The first is accessibility. Most well tubulars exist behind the primary tubing, making them difficult to access for remediation. The second is surveillance. The hidden nature of outer casings means that corrosion and even failure is particularly insidious and challenging to detect. The third is that whilst steel barriers are strong, they are vulnerable to one fundamental weakness – they can corrode. The fourth is the environment within which tubulars need to perform. Heat, pressure, mechanical loading, aquifers and corrosive fluids such as carbon dioxide, hydrogen sulphide (H2S) and brine play havoc with steel. Lastly, the fifth factor is time. Well systems are expected to endure extreme conditions for decades.

Aquifer issues

The Middle East has more than its fair share of corrosion challenges. Amplifying the factors listed above are region-wide aquifers, such as the Umm er Radhuma, which inevitably corrode well systems from the outside, and high-H2S production, which can corrode from the inside. Operators in the region use several methods to combat this, including chrome completions that are resistant to attack. Some Middle East operators are also leading the way in adopting at least two of the surveillance principles above – namely, implementing proactive tube integrity surveillance, and using the most appropriate diagnostic system for the task.

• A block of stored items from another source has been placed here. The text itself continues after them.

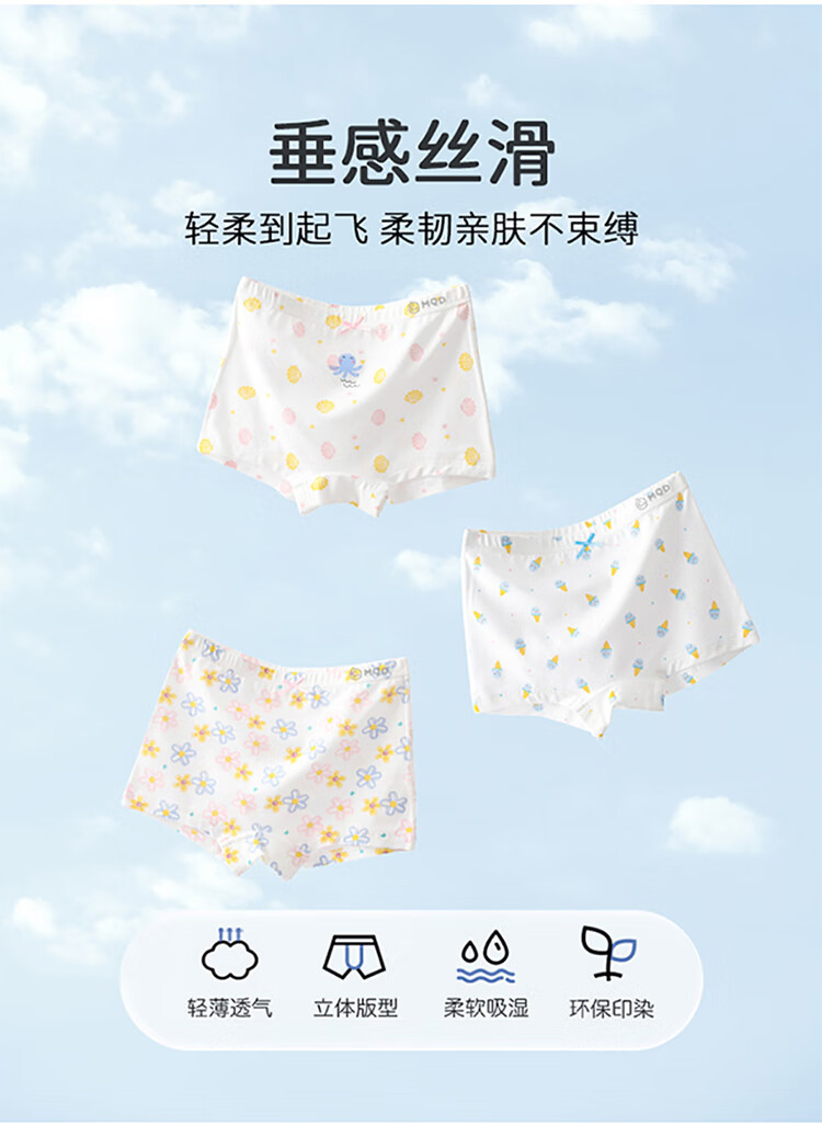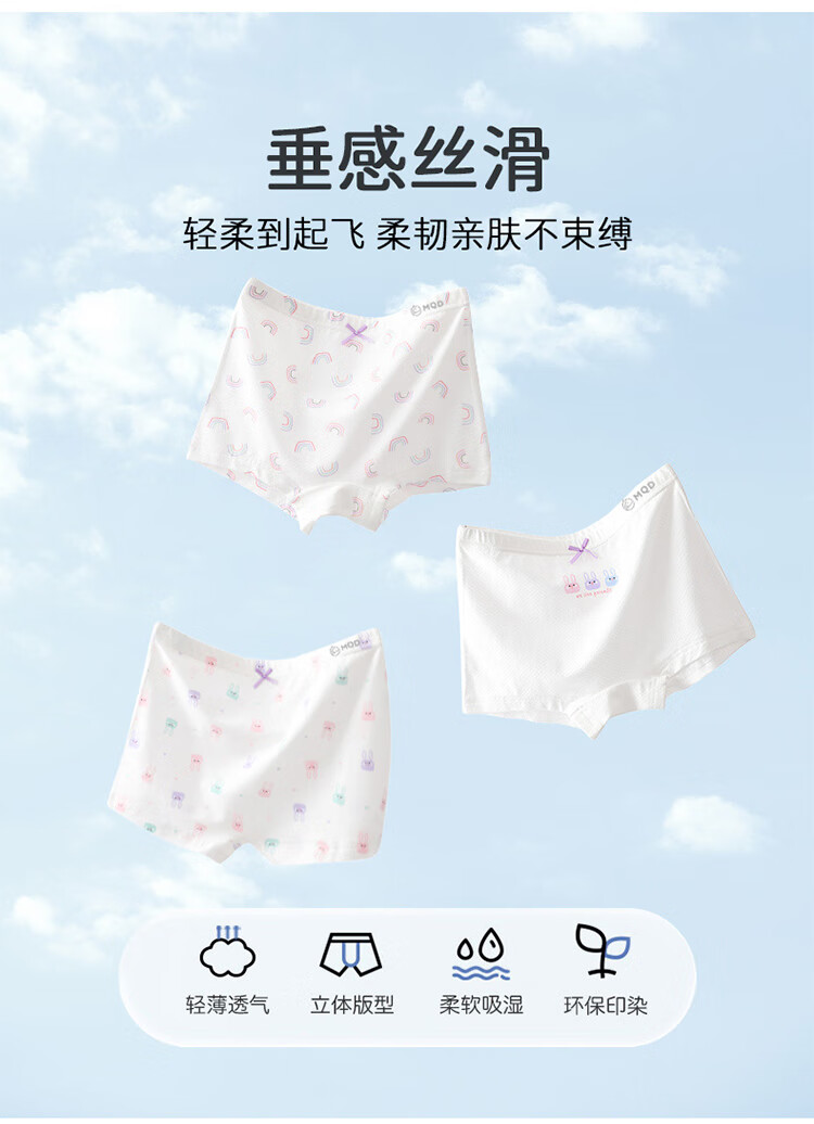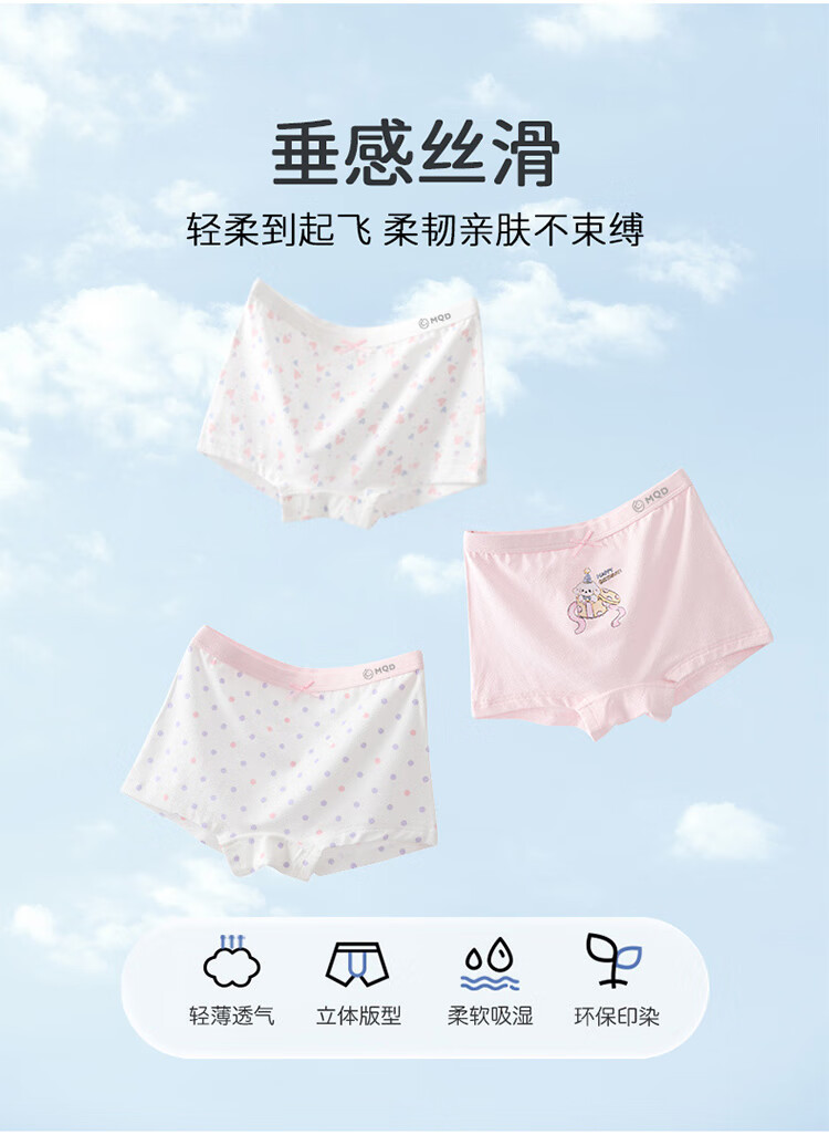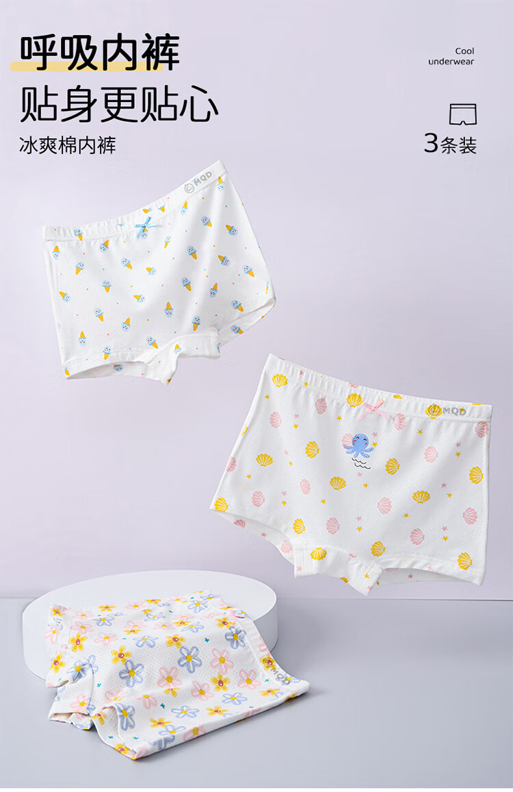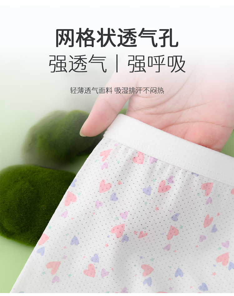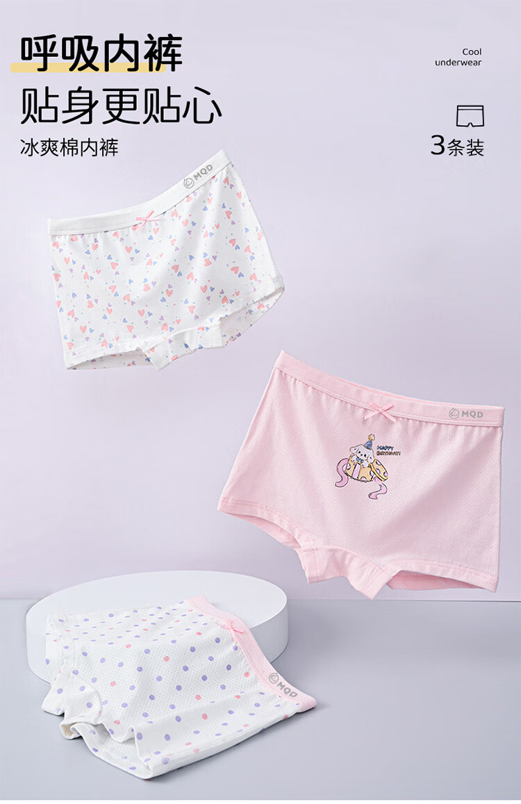 马骑顿童装女童内裤平角网眼透气夏季薄款儿童抗菌四角裤女孩短裤 爱心小狗; 3条 150cm 150/75
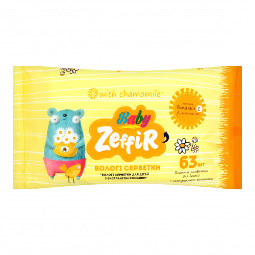 Серветки вологі для дітей з екстрактом ромашки Zeffir 63шт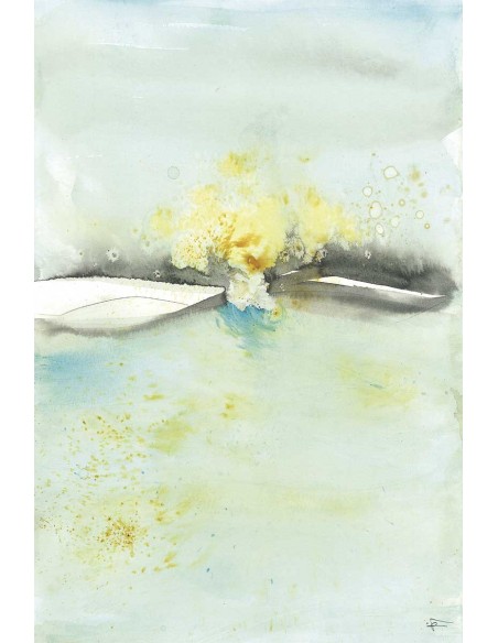 A work made with watercolors in water green with yellow and dark stains, made by the artist Marta Castet Bellocq
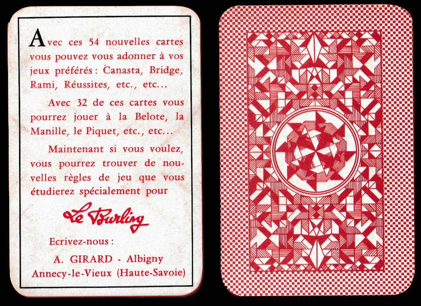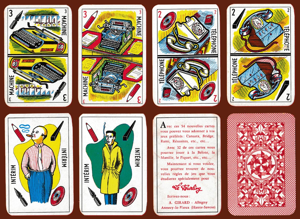 Above: ‘Le Burling’ office-themed playing cards created by Alexis Girard, Albigny, Annecy-le-Vieux (Haute-Savoie), France, c1962. 52 cards + 2 Jokers + 1 extra card in paper wrapper. Size: 57 x 85 mm.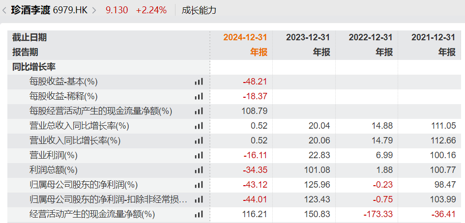 至于珍酒李渡,上市以来零分红。年报显示,珍酒李渡2024年营收增速从前年的20.06%降至0.52%,净利润暴跌43%。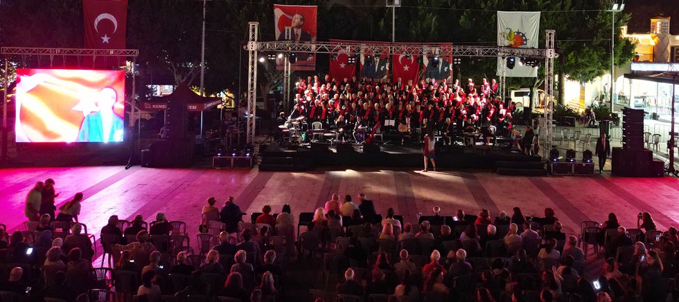Kemer Belediyesi Türk Müziği Topluluğu, Antalya Emekli Subaylar Türk Müziği Topluluğu ve Nağmekar Türk Müziği Topluluğu’nun oluşturduğu 100 kişilik Türk Halk Müziği Cumhuriyet Korosu, Cumhuriyet'in 100'ncü yılı kutlamaları kapsamında Kemer'de konser verdi.
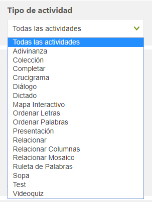 Por ejemplo, para filtrar actividades por tipo, desplegamos la lista correspondiente para seleccionar la que interese: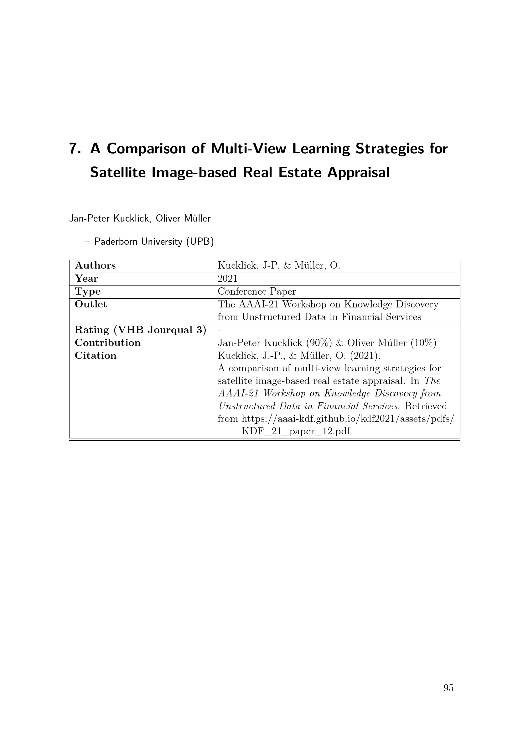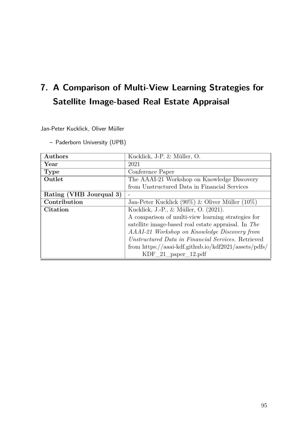 Multi-view learning and explainable artificial intelligence for real estate appraisal : von Jan-Peter Kucklick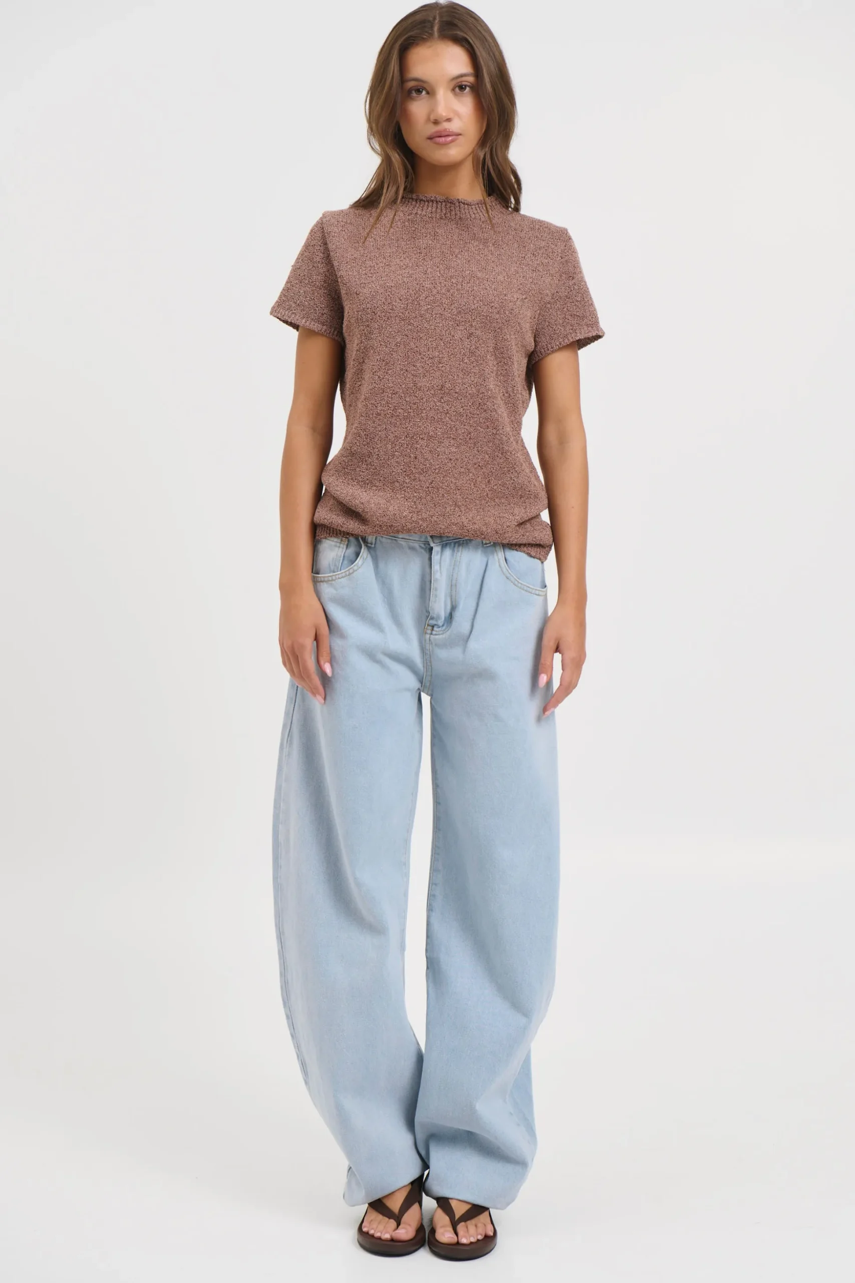 Meet the Effy Top, This relaxed-fit tee is crafted from a cozy blend of 70% acrylic and 30% polyester. The knit fabric adds subtle texture while offering lightweight warmth and all-day comfort. With its easy silhouette and versatile design, it’s perfect for layering or wearing solo.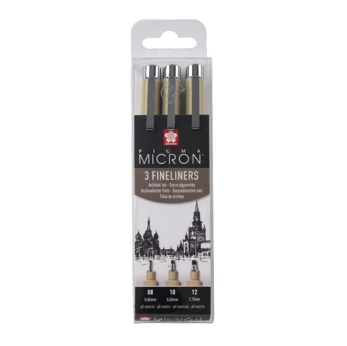 Výběr 3 černých per Pigma Micron s nejširší šířkou hrotu z tohoto sortimentu: 1 x 08 (0,50 mm), 1 x 10 (0,60 mm), 1 x 12 (0,70 mm). Pera Pigma Micron jsou voděodolné a permanentní popisovače, které věrně používají designéři, vědci, archiváři, manga umělci, karikaturisté, ilustrátoři a hobbyisté. Je to doporučené pero pro Zentangle. Díky jemnému hrotu je toto pero ideální pro tvorbu technických i uměleckých kreseb. Unikátní inkoust Sakura Pigma™ neprosvítá papírem, je permanentní, voděodolný, odolný proti vyblednutí, rychleschnoucí a pH neutrální.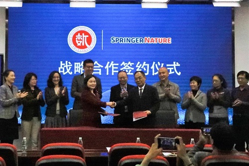 2020年10月30日上午,williamhill英国威廉希尔与Springer Nature集团的战略合作签约仪式在williamhill英国威廉希尔二层报告厅举行。williamhill官方网站副董事长王轶,Springer Nature销售副总裁(中国区,韩国和蒙古国)崔晓莹,williamhill英国威廉希尔经理郑志勇,党总支书记旋天颖,Springer Nature中国区图书总监李琰,Springer Nature销售总监(中国和蒙古国)吕江峰,williamhill官方网站图书馆党委书记牟锋,williamhill官方网站图书馆副馆长祝小静出席本次签约仪式,Springer Nature工作人员代表、图书馆老师代表以及williamhill英国威廉希尔师生代表参会。旋天颖主持签约仪式。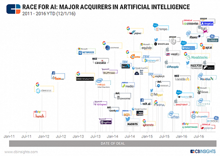 如今市面上巨頭一直在“收割”市面上優(yōu)秀的人工智能團隊,Google、Intel、Apple等等,簡直在角逐收購AI創(chuàng)業(yè)公司。GE、三星等工業(yè)界巨頭也在加入這個行列,普通公司是很難在這個層面上參與競爭的。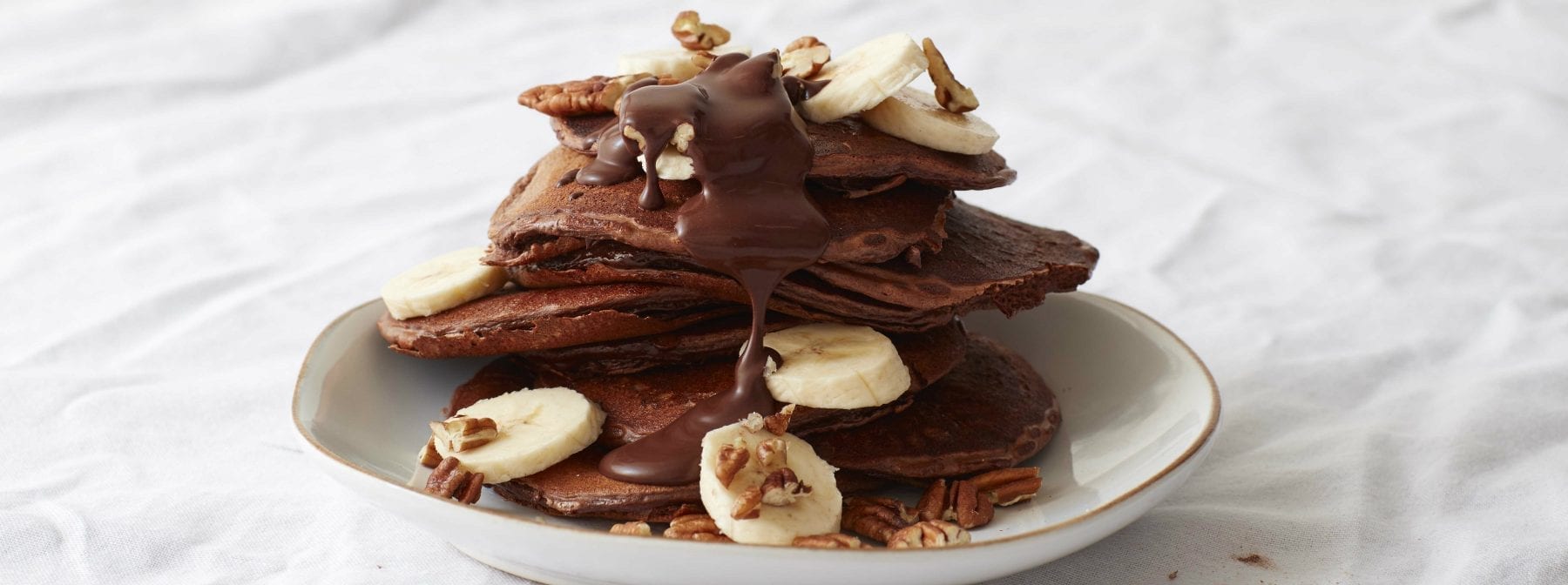 Prima di servire, guarnisci i pancake proteici con la crema al cioccolato, delle fette doi banana e una manciata di noci pecan.

TGT is a specialist in ‘through-barrier diagnostics’ for the oil and gas industry and is at the forefront of tube integrity surveillance. The company has designed and engineered a diagnostic system which harnesses electromagnetic [EM] energy to assess the condition of multiple tubulars from within the production tubing. This in-house design combines features with advanced 4D modelling to deliver impressive accuracy across multiple barriers.

Notably, the system also works in chrome completions – prolific in the Middle East and a hostile environment for ordinary EM devices. The system is being used across the region to evaluate existing corrosion issues, and proactively to track and predict tube failures before they happen.

Maintaining well system integrity is a persistent challenge, but with the correct approach in evaluating barrier condition and seal proactively, and by using reliable diagnostic systems, operators can maintain well performance – without compromise.